* EXERCISE GOAL *
Set down the first line below and each line after it, ending with the one that holds "Корм сухой Зоогурман". Pictures do not belong in the copy.

** DATA TO USE follows **

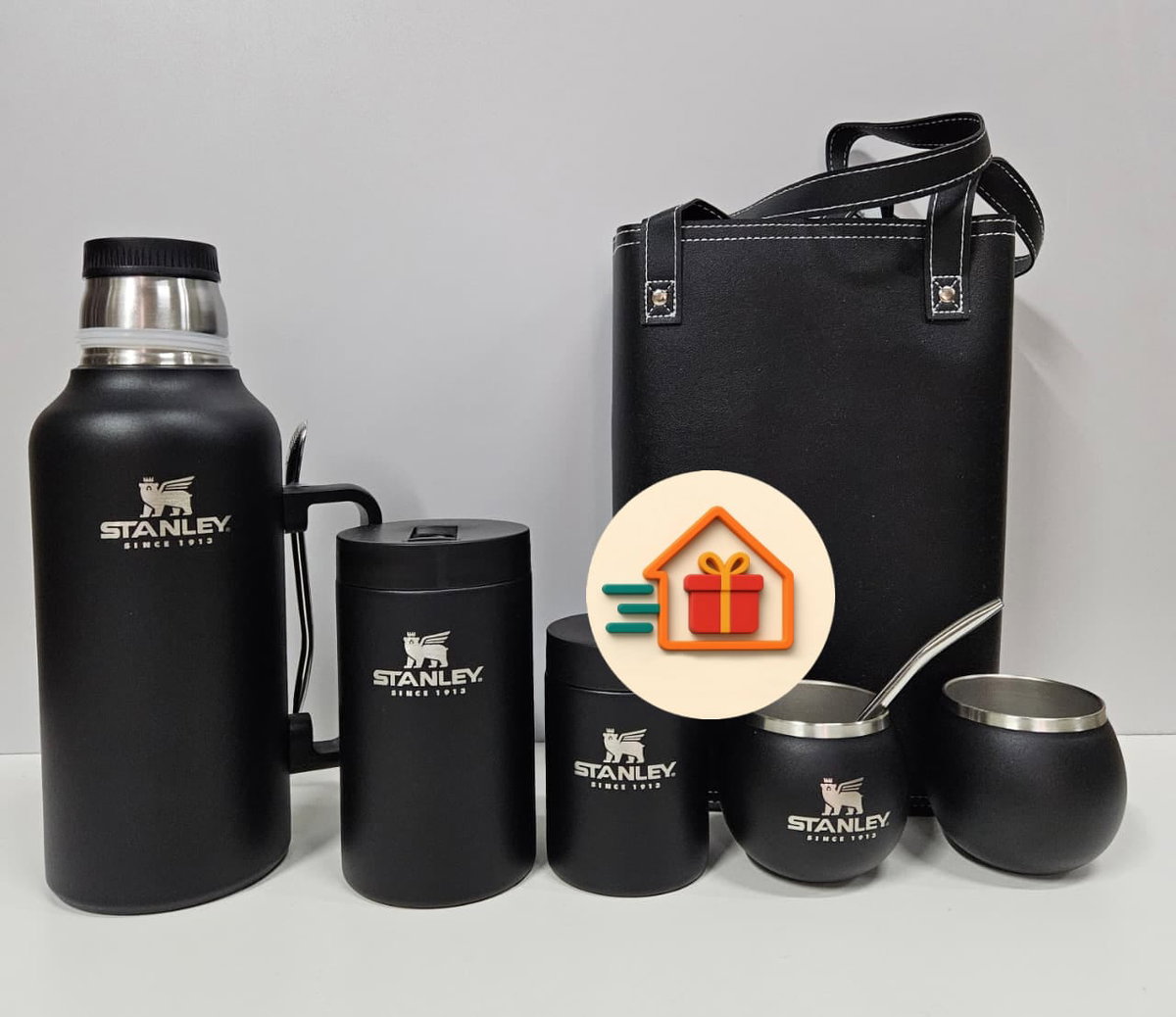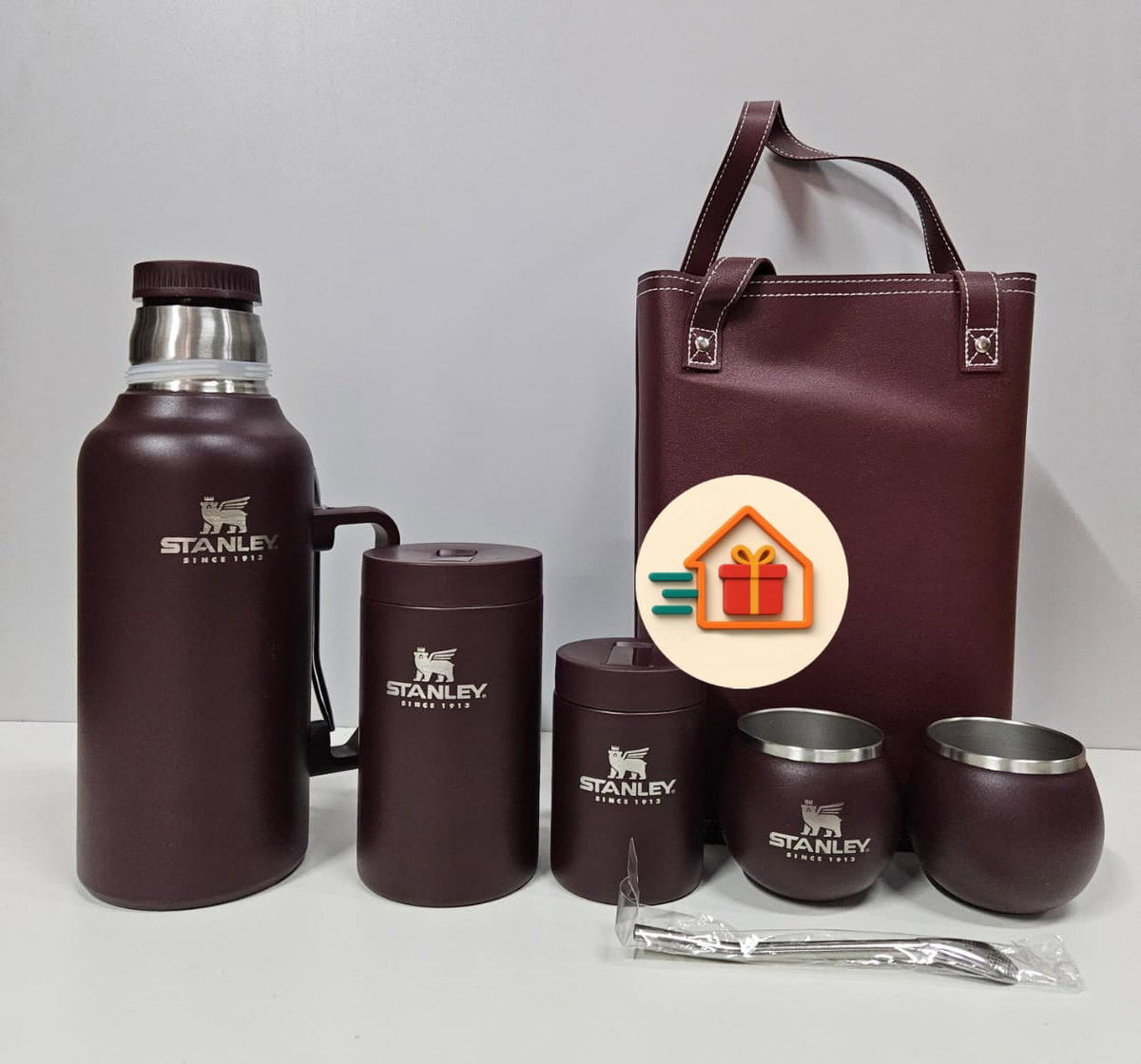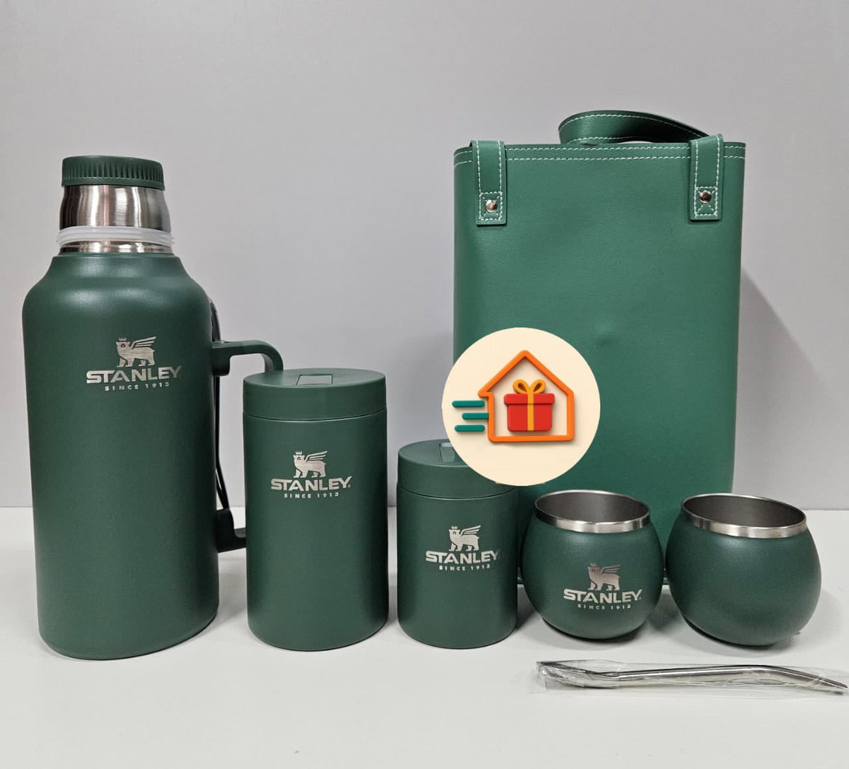 - Bolso de ecocuero. - Latas yerbera y azucarera de acero inoxidable. - 2 mates de acero inoxidable - 2 Bombillas
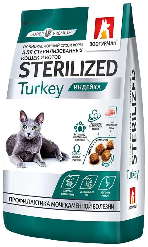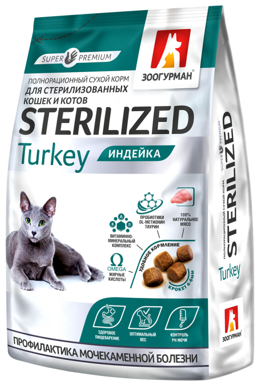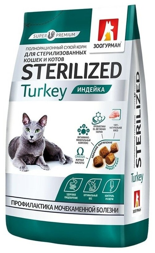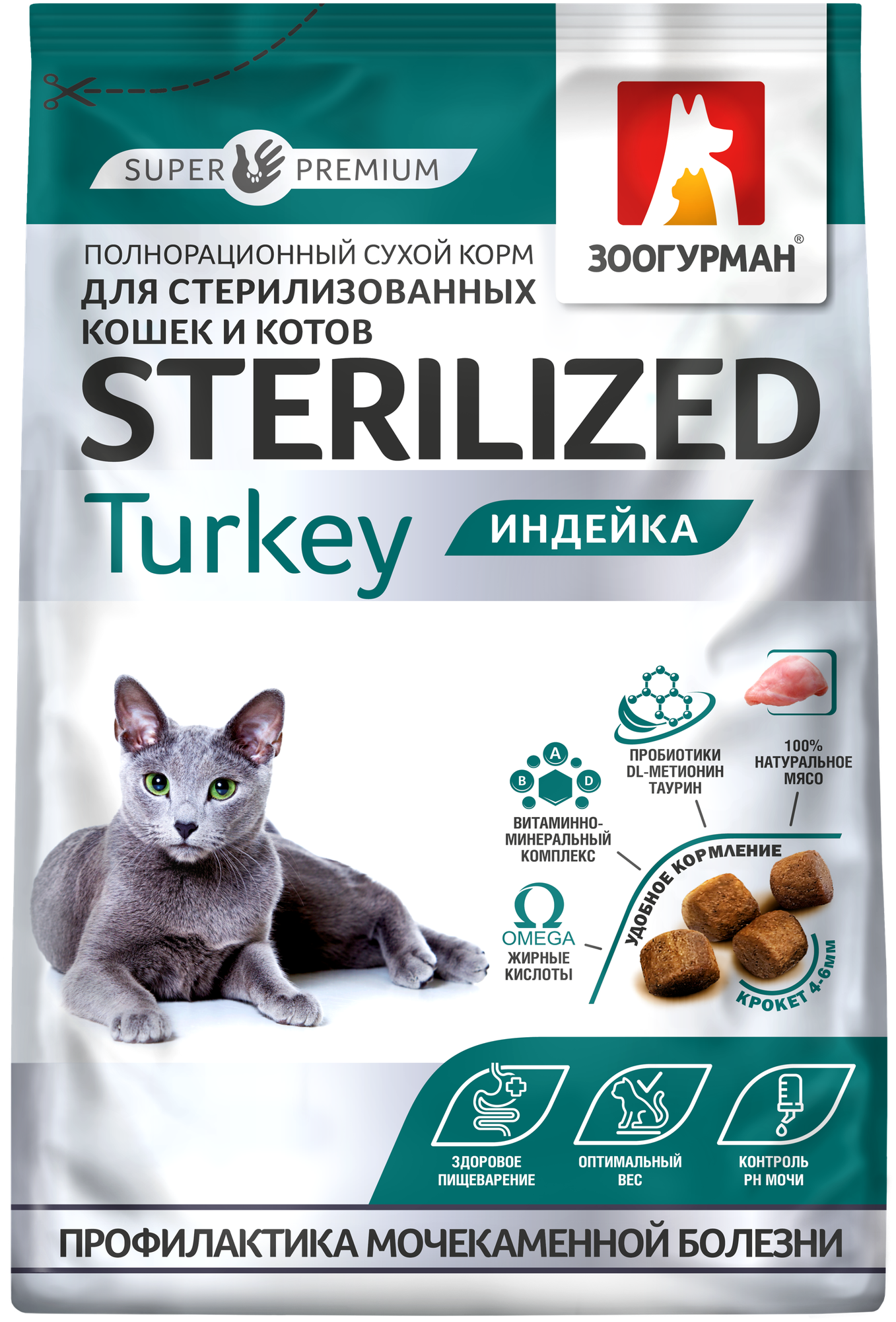 Корм сухой Зоогурман Sterilized профилактика мочекаменной болезни, полнорационный, Индейка 1,5 кг
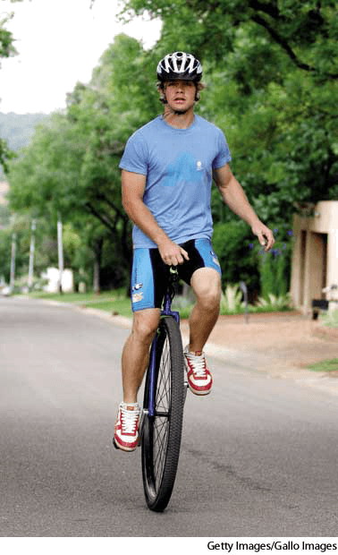 u·ni·cy·cle AHD[yo͞o′nĭ-sī'kəl] D.J.[ˈjuːnɪˌsaɪkəl]K.K.[ˈjunɪˌsaɪkəl]n.(名词) unicycleChristo Coetzer, the first person to circumnavigate Mauritius on a unicycle. - A vehicle consisting of a frame mounted over a single wheel and usually propelled by pedals.独轮脚踏车:一种由装有单轮的机架构成的车辆,通常由脚蹬推动
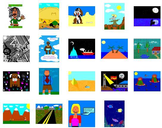 Si te sitúas sobre una miniatura, verás el nombre del autor (dependiendo del navegador que uses), y si pulsas sobre ella, verás la imagen en su tamaño real; luego, pulsa el botón "Anterior" del navegador.
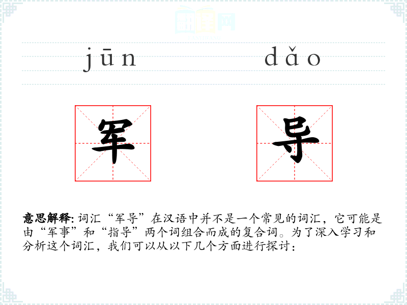 - 反义词:无(由于“军导”不是一个常用词汇,反义词可能不明显)

** End of DATA TO USE **

* COMPLETED TASK *
 - Bolso de ecocuero. - Latas yerbera y azucarera de acero inoxidable. - 2 mates de acero inoxidable - 2 Bombillas
 Корм сухой Зоогурман Sterilized профилактика мочекаменной болезни, полнорационный, Индейка 1,5 кг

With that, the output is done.